The new object turned out to be a 0.9Gyr old outer LMC disc cluster,
which possibly reached the present position after being scattered from
the innermost LMC regions where it might have been born. We arrived at
this conclusion by examining the spatial distribution of LMC star
clusters of similar age, by comparing the derived spectroscopic
metallicity with that expected for an outside-in galaxy formation
scenario, by considering the cluster internal dynamical stage as
inferred from its derived structural parameters and by estimating the
circular velocity of a disc that rotates with the corresponding star
cluster radial velocity at the cluster's deprojected distance, which
resulted to be nearly 60 per cent higher than that of most of the
outer LMC disc clusters.
Description:
The cluster was observed on 2018 January 3 with the SOAR Adaptive
Module (SAM) coupled with its Imager (SAMI), installed at the SOAR
4.1m telescope at Cerro Pachon, Chile. SAM is a ground-layer adaptive
optics system correcting atmospheric turbulence near the ground.

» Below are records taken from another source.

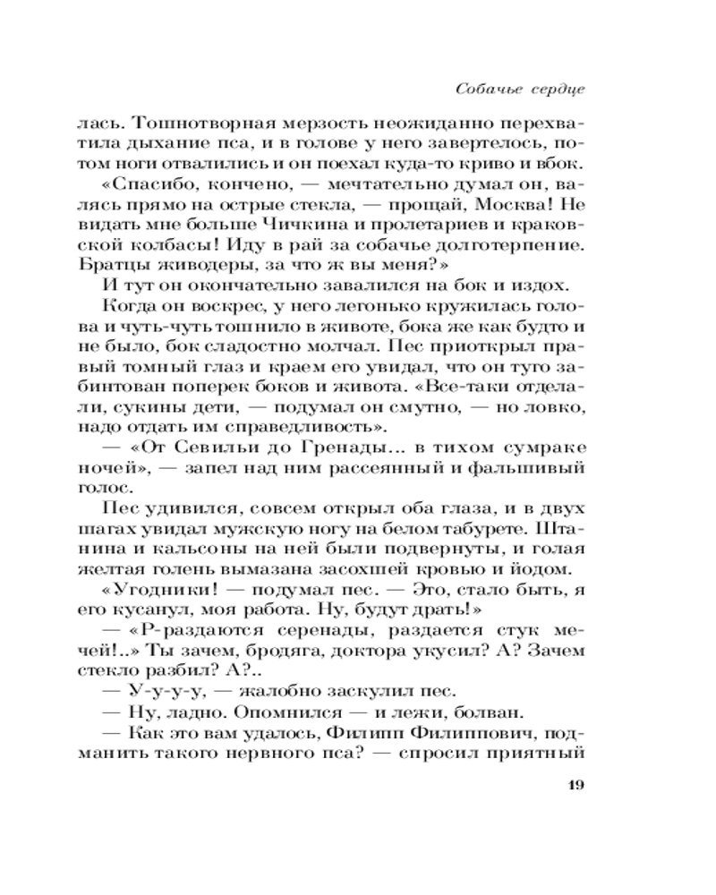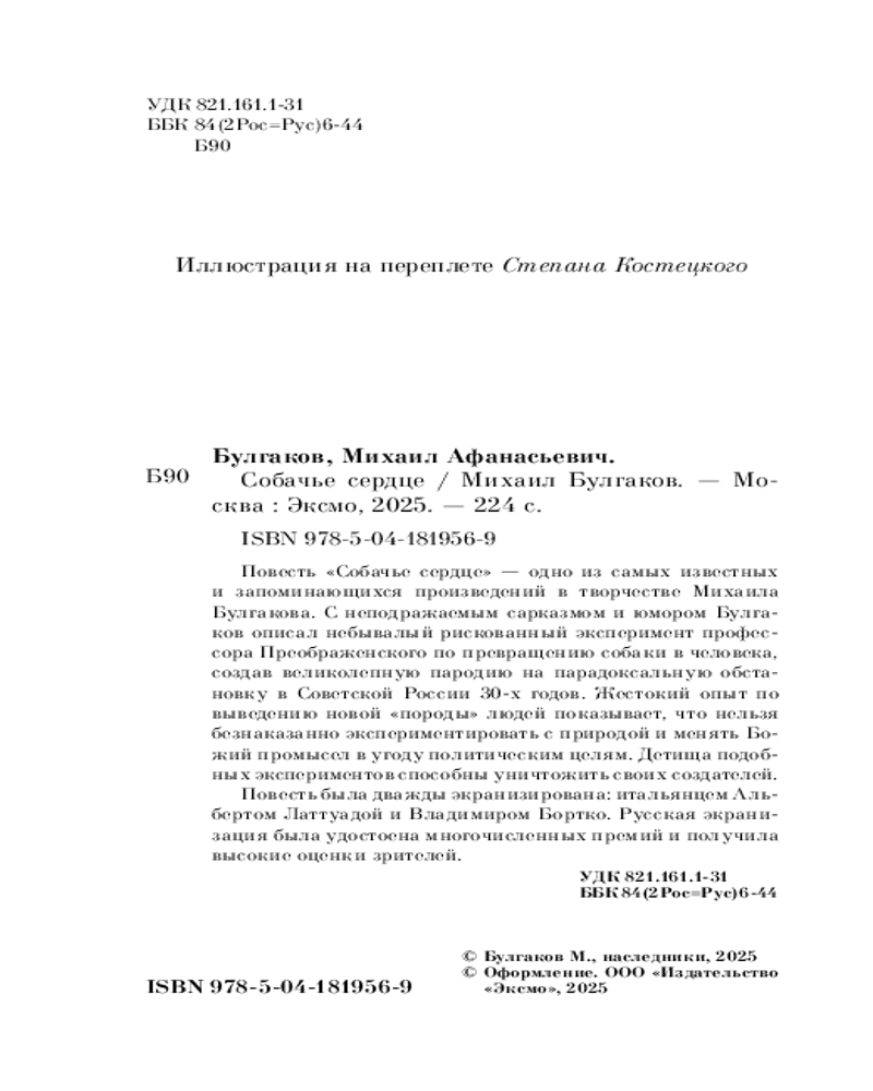 💳 Оплатить за товар можно при получении 🇰🇿 Есть бесплатная доставка по Казахстану от 1 дня 🎁 Копите бонусы с каждой покупки Серия: Яркие страницы (обложка) «Собачье сердце» — одно из самых известных и запоминающихся произведений Михаила Булгакова. С неподражаемым сарказмом и юмором Булгаков описал небывалый рискованный эксперимент профессора Преображенского по превращению собаки в человека, создав великолепную пародию на парадоксальную обстановку Советской России 30-х годов. Жестокий опыт по выведению новой «породы» людей показывает, что нельзя безнаказанно экспериментировать с природой и менять Божий Промысел в угоду политическим целям. Детища подобных экспериментов способны уничтожить своих создателей. |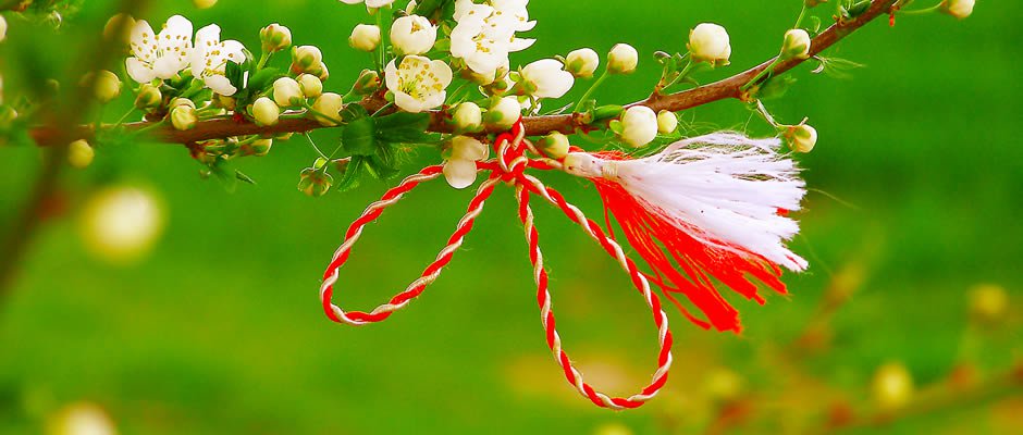 Traducerea: În Martie, se obișnuiește ca fire împletite să se dăruiască.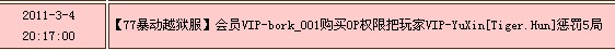 【77***越狱服】会员VIP-bork_001购买OP权限把玩家VIP-YuXin[Tiger.Hun]惩罚5局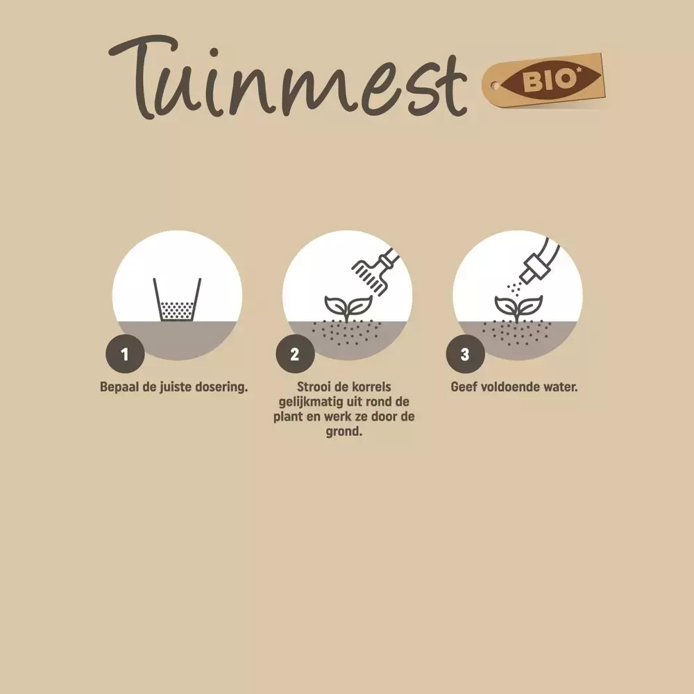 - Planten in de volle grond: 40-50 gram tuinmest.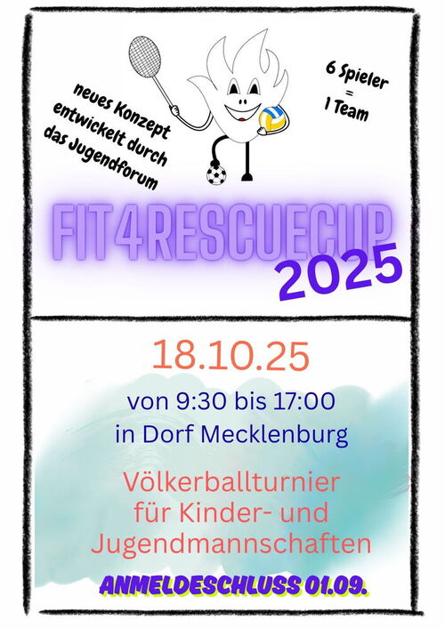Am 18. Oktober 2025 findet in der Mehrzweckhalle Dorf Mecklenburg der erste Fit4RescueCup der Kinder- und Jugendfeuerwehren statt.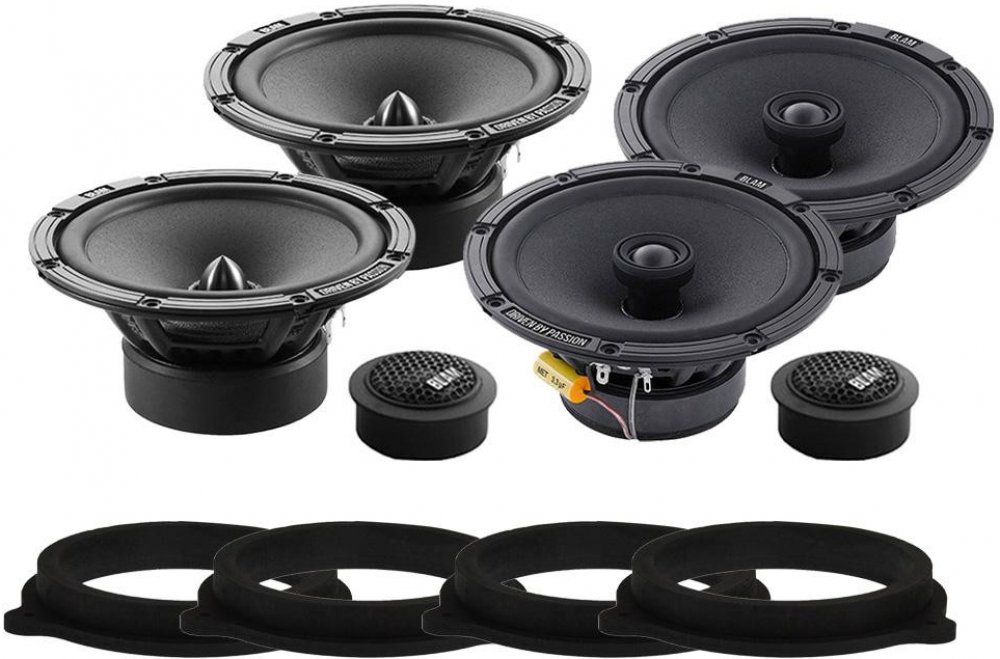 ? 1 pár komponentních reproduktorů BLAM RELAX 2 165 R2X (2x středobas, 2x výška, výhybky) ? 1 pár MDF podložek přesně pro Nissan Juke z roku 2010-2014 do předních dveří (2ks MDF podložek)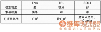 在三種常用的測試儀器中,網(wǎng)絡分析儀的校準方法最為嚴謹,頻譜分析儀次之,示波器的校準方法最為簡單。因此,我們這里主要討論網(wǎng)絡分析儀的校準方法。網(wǎng)絡分析儀常用的校準方法有三種,thru、trl和solt。三種方法的特性如表1所示。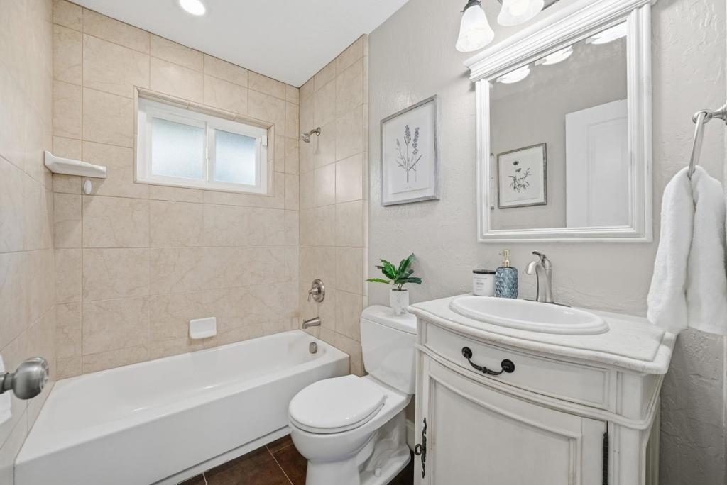 Welcome to this charming single-family home with 4 beds and 2 baths in sought-after Cupertino, located in a beautiful neighborhood. A large front yard warmly greets you. The gourmet kitchen features an island, luxury quartzite countertops, a beautiful backsplash, stainless steel appliances, and ample cabinetry, seamlessly connected to the dining area. The rear living room offers a cozy fireplace and a large sliding door opening to a spacious backyard for indoor-outdoor living. A hallway on the north side leads to the private area. The primary suite includes a spacious bedroom and an en-suite bathroom with a stall shower. Three additional bedrooms accommodate family and guests, while the hallway bathroom features a shower over tub. Recessed lighting runs throughout. A detached backyard structure with AC is ideal for a home office. Great location near parks, with easy access to dining, grocery, and shopping. Just 6 minutes to Apple Park, with convenient access to Hwy 280, 85, and Lawrence Expressway, and a short commute to major tech companies. Top-rated schools. This is an opportunity you do not want to miss!

Technical details of the instrument can be found in Tokovinin et al.
(2016PASP..128l5003T 2016PASP..128l5003T). SAMI provides a field of view (FOV) of
3x3arcmin2 with a pixel scale of 0.091arcsec when used with a 2x2
binning. Observations were taken in the SDSS g and i filters, with
3x300s and 3x200s exposures, at mean-corrected full width at
half-maximums of the stellar images of 0.54arcsec in g and 0.41arcsec
in i, respectively.
The images were not combined. Instead the photometry was done in each
of them separately with the DAOPHOT/ALLSTAR suite of programs (Stetson
1987PASP...99..191S 1987PASP...99..191S).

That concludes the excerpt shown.